Relevant imports of Selenium, ChromeDriver, JSON, Regex, Time, Pandas, etc.

In [1]:
!apt update
!apt install chromium-chromedriver
!pip install selenium

Hit:1 https://cloud.r-project.org/bin/linux/ubuntu bionic-cran35/ InRelease
Hit:2 http://ppa.launchpad.net/graphics-drivers/ppa/ubuntu bionic InRelease
Hit:3 http://security.ubuntu.com/ubuntu bionic-security InRelease
Ign:4 https://developer.download.nvidia.com/compute/cuda/repos/ubuntu1804/x86_64  InRelease
Ign:5 https://developer.download.nvidia.com/compute/machine-learning/repos/ubuntu1804/x86_64  InRelease
Hit:6 http://archive.ubuntu.com/ubuntu bionic InRelease
Hit:7 https://developer.download.nvidia.com/compute/cuda/repos/ubuntu1804/x86_64  Release
Hit:8 https://developer.download.nvidia.com/compute/machine-learning/repos/ubuntu1804/x86_64  Release
Hit:9 http://ppa.launchpad.net/marutter/c2d4u3.5/ubuntu bionic InRelease
Hit:10 http://archive.ubuntu.com/ubuntu bionic-updates InRelease
Hit:12 http://archive.ubuntu.com/ubuntu bionic-backports InRelease
Reading package lists... Done
Building dependency tree       
Reading state information... Done
42 packages can be upgraded. Run 'apt

In [0]:
import json
import re
from selenium import webdriver
from selenium.common.exceptions import NoSuchElementException   
from collections import OrderedDict 
import time
import pandas as pd

In [0]:
# set options to be headless, ..
options = webdriver.ChromeOptions()
options.add_argument('--headless')
options.add_argument('--no-sandbox')
options.add_argument('--disable-dev-shm-usage')
# open it, go to a website, and get results
wd = webdriver.Chrome('chromedriver',options=options)

# 1. Functions

Starting with the base url, `getAllCategories()` searches through the dropdown menus to find sublinks relevant to categories of small businesses, and returns a dictionary of `{category, link}` pairs. 

In [0]:
def getAllCategories():
    # queries the base small business link
    wd.get("https://www.facebook.com/business/success?categories[0]=small-business")

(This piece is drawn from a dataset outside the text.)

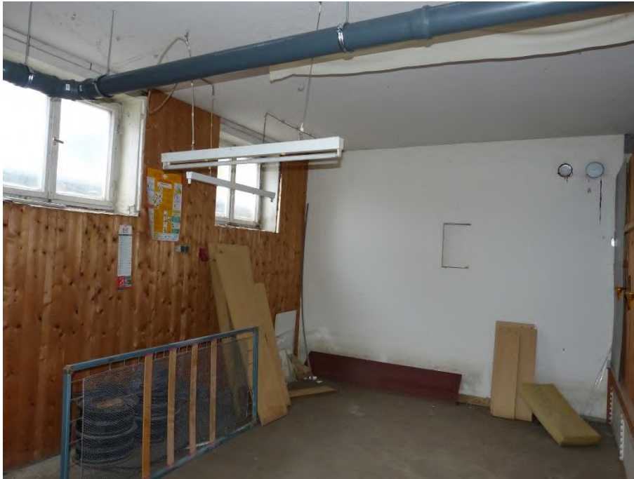
Mehrfamilienhaus, Innenaufnahme Kellerraum zu Wohnung Nr. 3

    # looks through categories with href containing "small business"
    all_categories = {}
    elems = wd.find_elements_by_xpath("//a[contains(@href, '/business/success/?categories%5B0%5D=small-business&categories%5B1%5D')]")
    for elem in elems:
        link = elem.get_attribute("href")
        if link not in all_categories:
            # parse out category name using regex
            name = re.search('[^=]+$', link).group()
            all_categories[name] = link
    
    # return a dictionary of {category, link} pairs
    return all_categories

For a given category url input, `getCompaniesFromCategory()` will expand the category's contents and find all companies within the category. 

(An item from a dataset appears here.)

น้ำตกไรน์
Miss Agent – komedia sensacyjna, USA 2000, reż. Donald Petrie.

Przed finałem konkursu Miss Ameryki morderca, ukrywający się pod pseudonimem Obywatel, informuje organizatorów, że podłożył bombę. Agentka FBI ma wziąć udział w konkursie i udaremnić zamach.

By default, it will also analyze those companies, but that can be turned off by setting `recursive=False`

By setting `silent=False`, it will also log to console.



In [0]:
def getCompaniesFromCategory(url, recursive=True, silent=True):
    wd.get(url)

    # clicks the load more button at the bottom
    while True:
        try:
            loadMoreButton = wd.find_element_by_xpath("//a[contains(@class, '_3cr5 _5j3- _53m5 _7p5k _1s6a _quh _88-d')]")
            time.sleep(2)
            loadMoreButton.click()
            time.sleep(5)
            if not silent:
                print('clicked')
        except Exception as e:
            if not silent:
                print (e)
            break

    # populates an array of links for the category
    all_links = []
    elems = wd.find_elements_by_xpath("//a[contains(@class, '_3cr5 _8p_9 _53m5 _8xo6 _8xo4 _1s6c _93rg _8p_b')]")
    for elem in elems:
        if elem.get_attribute("href") not in all_links:
            all_links.append(elem.get_attribute("href"))

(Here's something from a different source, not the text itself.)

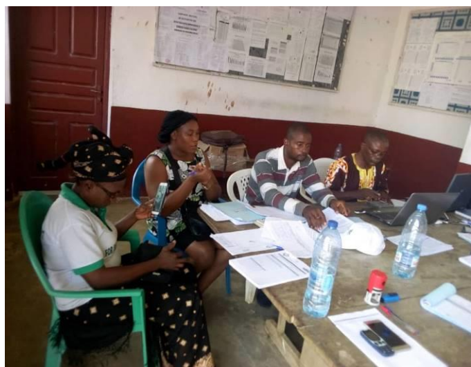
Présentation des objectifs de la réunion et de son intérêt

    # by default, recursively gets info for each link
    if recursive:
        all_resp = []
        for link in all_links:
            all_resp.append(getInfoForLink(link))
        return all_resp

    # otherwise, just returns the links
    else:
        return all_links

`getInfoForLink` is a function which will get the page source for a given url and output a dictionary containing the name, goal, solution, and result.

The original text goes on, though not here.